Try it:
The lines to be extracted begin at the line containing "Модный лонгслив оверсайз" and end at the last line of the data below; copy them exactly and leave out the pictures.

Records for the exercise:
------

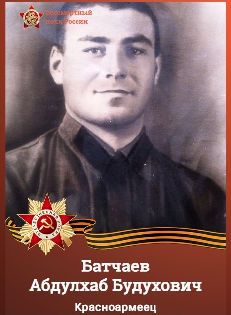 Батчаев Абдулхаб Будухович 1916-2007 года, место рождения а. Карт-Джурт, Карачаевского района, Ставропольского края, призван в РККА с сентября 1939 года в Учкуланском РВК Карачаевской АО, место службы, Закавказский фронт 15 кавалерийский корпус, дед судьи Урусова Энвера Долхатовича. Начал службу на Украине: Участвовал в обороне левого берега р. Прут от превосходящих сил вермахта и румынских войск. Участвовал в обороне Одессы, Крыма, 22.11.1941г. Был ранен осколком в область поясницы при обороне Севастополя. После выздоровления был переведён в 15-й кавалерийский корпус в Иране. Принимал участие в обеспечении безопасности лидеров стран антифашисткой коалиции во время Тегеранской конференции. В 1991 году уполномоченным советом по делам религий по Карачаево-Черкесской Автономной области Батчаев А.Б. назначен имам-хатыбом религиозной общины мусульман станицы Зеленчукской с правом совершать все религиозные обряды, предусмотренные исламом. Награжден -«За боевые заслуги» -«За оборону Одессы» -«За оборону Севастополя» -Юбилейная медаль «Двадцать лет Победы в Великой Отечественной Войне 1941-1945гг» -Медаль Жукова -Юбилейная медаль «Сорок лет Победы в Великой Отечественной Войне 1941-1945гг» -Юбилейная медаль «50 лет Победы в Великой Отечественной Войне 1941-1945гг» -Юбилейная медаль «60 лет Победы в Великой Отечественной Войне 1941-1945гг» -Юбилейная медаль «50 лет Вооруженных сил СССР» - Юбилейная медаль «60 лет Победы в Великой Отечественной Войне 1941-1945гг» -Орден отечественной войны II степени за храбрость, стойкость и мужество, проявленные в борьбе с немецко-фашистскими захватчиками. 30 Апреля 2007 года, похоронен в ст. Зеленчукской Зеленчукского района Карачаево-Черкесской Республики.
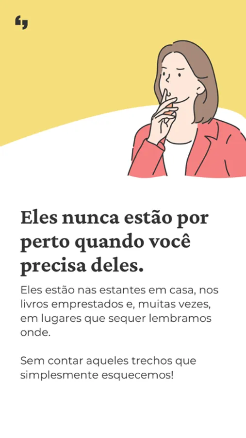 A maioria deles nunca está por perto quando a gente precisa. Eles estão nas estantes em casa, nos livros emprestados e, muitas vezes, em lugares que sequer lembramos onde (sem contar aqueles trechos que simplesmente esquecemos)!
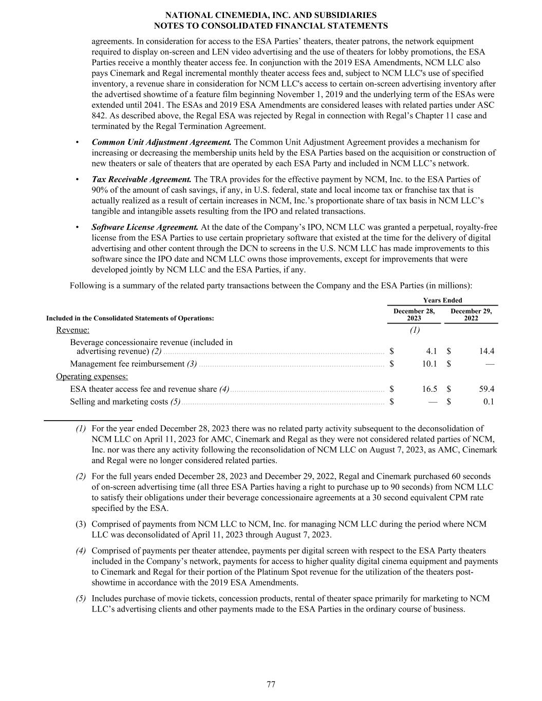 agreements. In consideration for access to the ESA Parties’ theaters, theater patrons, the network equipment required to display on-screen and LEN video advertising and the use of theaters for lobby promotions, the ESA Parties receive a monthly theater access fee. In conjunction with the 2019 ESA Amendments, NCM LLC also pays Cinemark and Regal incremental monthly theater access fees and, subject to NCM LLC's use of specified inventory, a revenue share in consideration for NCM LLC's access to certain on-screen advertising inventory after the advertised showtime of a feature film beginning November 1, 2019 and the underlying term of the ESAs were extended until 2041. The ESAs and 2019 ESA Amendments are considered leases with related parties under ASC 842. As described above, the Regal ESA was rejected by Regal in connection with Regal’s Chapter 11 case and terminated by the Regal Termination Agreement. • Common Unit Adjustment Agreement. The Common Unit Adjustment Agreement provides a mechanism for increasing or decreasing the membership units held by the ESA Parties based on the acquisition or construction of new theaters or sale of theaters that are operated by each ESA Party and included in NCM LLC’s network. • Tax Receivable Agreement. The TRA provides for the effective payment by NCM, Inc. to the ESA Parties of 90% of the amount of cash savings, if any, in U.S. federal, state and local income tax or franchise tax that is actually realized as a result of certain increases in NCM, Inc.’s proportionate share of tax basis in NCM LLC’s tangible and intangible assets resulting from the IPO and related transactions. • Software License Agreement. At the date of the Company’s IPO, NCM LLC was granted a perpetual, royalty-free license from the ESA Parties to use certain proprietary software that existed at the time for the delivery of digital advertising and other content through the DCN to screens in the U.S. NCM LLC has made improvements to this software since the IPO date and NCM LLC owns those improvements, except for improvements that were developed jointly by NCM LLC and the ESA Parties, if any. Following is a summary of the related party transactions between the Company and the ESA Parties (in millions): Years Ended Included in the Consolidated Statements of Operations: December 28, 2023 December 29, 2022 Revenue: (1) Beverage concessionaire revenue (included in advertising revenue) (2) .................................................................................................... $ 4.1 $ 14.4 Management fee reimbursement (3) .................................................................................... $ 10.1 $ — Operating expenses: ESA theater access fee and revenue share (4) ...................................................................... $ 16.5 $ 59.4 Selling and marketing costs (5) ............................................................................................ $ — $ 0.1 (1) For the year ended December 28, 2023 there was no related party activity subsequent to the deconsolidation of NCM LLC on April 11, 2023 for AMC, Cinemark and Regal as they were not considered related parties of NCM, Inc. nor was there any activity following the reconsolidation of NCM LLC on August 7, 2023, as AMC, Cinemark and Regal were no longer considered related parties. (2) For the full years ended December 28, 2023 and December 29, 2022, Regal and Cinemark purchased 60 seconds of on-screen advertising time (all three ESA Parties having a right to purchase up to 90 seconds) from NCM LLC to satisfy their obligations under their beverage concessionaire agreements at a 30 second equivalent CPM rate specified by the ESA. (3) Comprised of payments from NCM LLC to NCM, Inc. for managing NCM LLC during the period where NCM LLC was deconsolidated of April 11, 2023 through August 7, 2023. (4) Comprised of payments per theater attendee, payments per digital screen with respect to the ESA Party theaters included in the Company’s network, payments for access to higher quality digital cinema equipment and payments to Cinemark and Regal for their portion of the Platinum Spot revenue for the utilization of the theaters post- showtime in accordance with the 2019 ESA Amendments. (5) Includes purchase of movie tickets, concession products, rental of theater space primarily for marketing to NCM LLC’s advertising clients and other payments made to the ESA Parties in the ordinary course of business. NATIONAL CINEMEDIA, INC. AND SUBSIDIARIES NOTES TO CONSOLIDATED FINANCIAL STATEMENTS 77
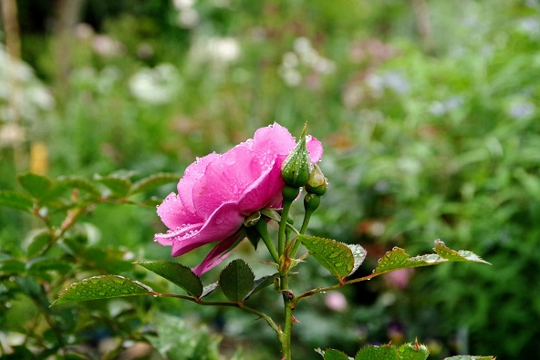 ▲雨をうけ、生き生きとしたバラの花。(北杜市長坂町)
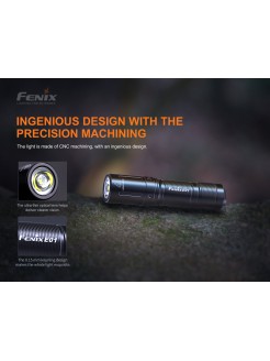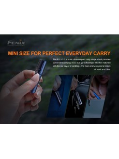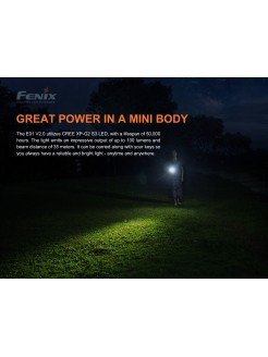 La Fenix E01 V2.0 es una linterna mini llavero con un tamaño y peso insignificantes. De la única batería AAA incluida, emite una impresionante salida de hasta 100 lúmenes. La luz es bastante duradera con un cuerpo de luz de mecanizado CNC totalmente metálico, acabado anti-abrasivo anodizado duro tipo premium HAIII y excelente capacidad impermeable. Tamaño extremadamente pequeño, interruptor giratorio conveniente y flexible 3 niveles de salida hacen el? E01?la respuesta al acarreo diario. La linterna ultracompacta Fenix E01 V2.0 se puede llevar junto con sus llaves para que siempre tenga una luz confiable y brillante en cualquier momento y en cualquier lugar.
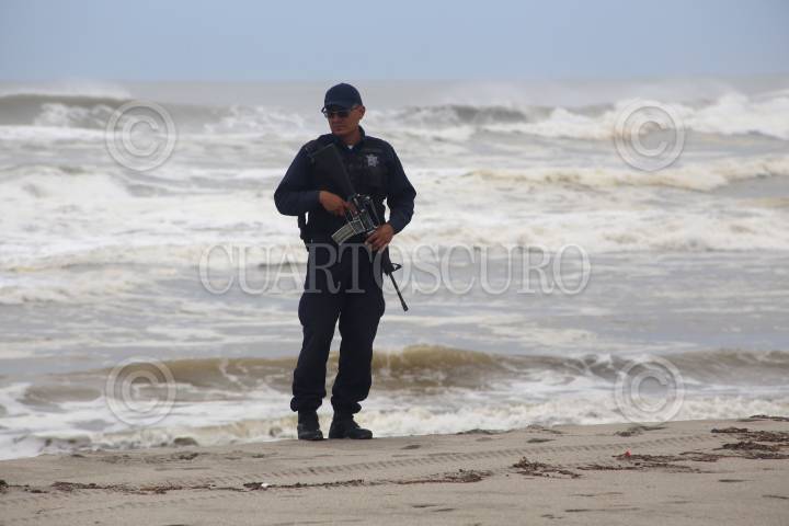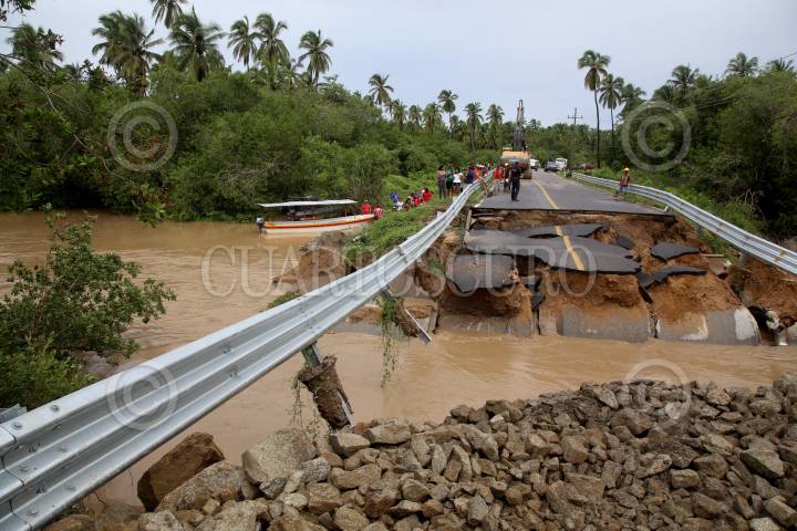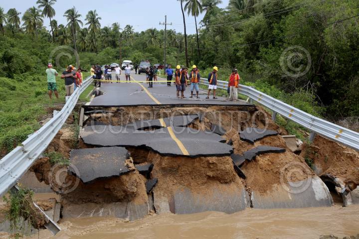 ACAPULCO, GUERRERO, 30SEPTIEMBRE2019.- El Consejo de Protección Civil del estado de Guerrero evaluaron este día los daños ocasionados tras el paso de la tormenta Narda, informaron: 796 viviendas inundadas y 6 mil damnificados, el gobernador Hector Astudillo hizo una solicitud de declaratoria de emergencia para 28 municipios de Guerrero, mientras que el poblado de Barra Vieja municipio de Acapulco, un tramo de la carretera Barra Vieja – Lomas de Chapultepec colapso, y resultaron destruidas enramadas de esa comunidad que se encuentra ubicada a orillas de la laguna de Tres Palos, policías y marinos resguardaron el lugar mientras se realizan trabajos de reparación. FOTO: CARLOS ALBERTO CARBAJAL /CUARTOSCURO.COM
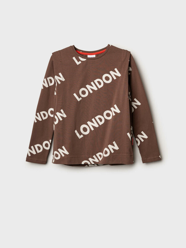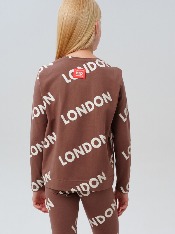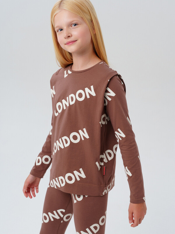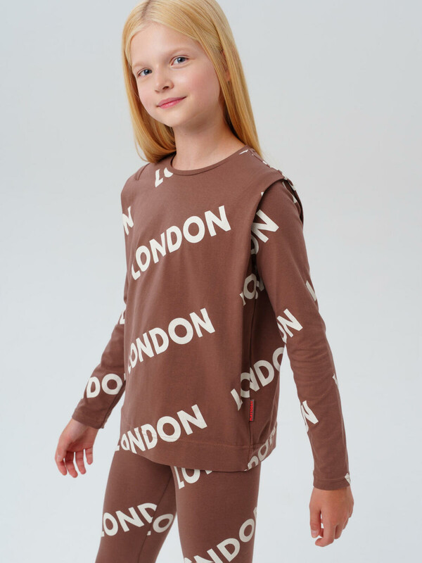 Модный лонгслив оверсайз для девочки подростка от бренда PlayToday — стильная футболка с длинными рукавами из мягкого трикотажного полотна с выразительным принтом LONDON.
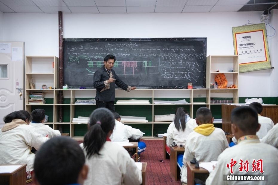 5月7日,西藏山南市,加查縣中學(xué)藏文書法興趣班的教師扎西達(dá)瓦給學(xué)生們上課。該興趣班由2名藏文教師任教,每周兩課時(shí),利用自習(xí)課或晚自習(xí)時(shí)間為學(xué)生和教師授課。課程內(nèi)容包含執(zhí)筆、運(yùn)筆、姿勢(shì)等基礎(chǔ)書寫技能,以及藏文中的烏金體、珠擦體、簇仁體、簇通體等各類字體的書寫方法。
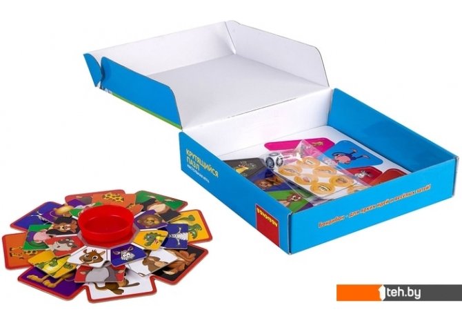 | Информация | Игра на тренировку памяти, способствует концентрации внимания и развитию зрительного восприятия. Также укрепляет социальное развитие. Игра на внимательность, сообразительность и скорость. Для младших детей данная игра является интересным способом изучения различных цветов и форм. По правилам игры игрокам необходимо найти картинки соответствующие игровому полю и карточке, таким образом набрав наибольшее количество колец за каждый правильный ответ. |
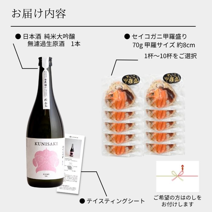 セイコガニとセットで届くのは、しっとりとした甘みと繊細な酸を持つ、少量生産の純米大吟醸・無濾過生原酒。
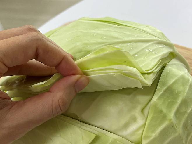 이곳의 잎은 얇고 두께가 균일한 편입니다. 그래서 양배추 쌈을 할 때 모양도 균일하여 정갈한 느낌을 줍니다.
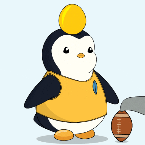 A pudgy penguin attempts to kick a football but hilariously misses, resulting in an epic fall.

------

Answer:
 Модный лонгслив оверсайз для девочки подростка от бренда PlayToday — стильная футболка с длинными рукавами из мягкого трикотажного полотна с выразительным принтом LONDON.
 5月7日,西藏山南市,加查縣中學(xué)藏文書法興趣班的教師扎西達(dá)瓦給學(xué)生們上課。該興趣班由2名藏文教師任教,每周兩課時(shí),利用自習(xí)課或晚自習(xí)時(shí)間為學(xué)生和教師授課。課程內(nèi)容包含執(zhí)筆、運(yùn)筆、姿勢(shì)等基礎(chǔ)書寫技能,以及藏文中的烏金體、珠擦體、簇仁體、簇通體等各類字體的書寫方法。
 | Информация | Игра на тренировку памяти, способствует концентрации внимания и развитию зрительного восприятия. Также укрепляет социальное развитие. Игра на внимательность, сообразительность и скорость. Для младших детей данная игра является интересным способом изучения различных цветов и форм. По правилам игры игрокам необходимо найти картинки соответствующие игровому полю и карточке, таким образом набрав наибольшее количество колец за каждый правильный ответ. |
 セイコガニとセットで届くのは、しっとりとした甘みと繊細な酸を持つ、少量生産の純米大吟醸・無濾過生原酒。
 이곳의 잎은 얇고 두께가 균일한 편입니다. 그래서 양배추 쌈을 할 때 모양도 균일하여 정갈한 느낌을 줍니다.
 A pudgy penguin attempts to kick a football but hilariously misses, resulting in an epic fall.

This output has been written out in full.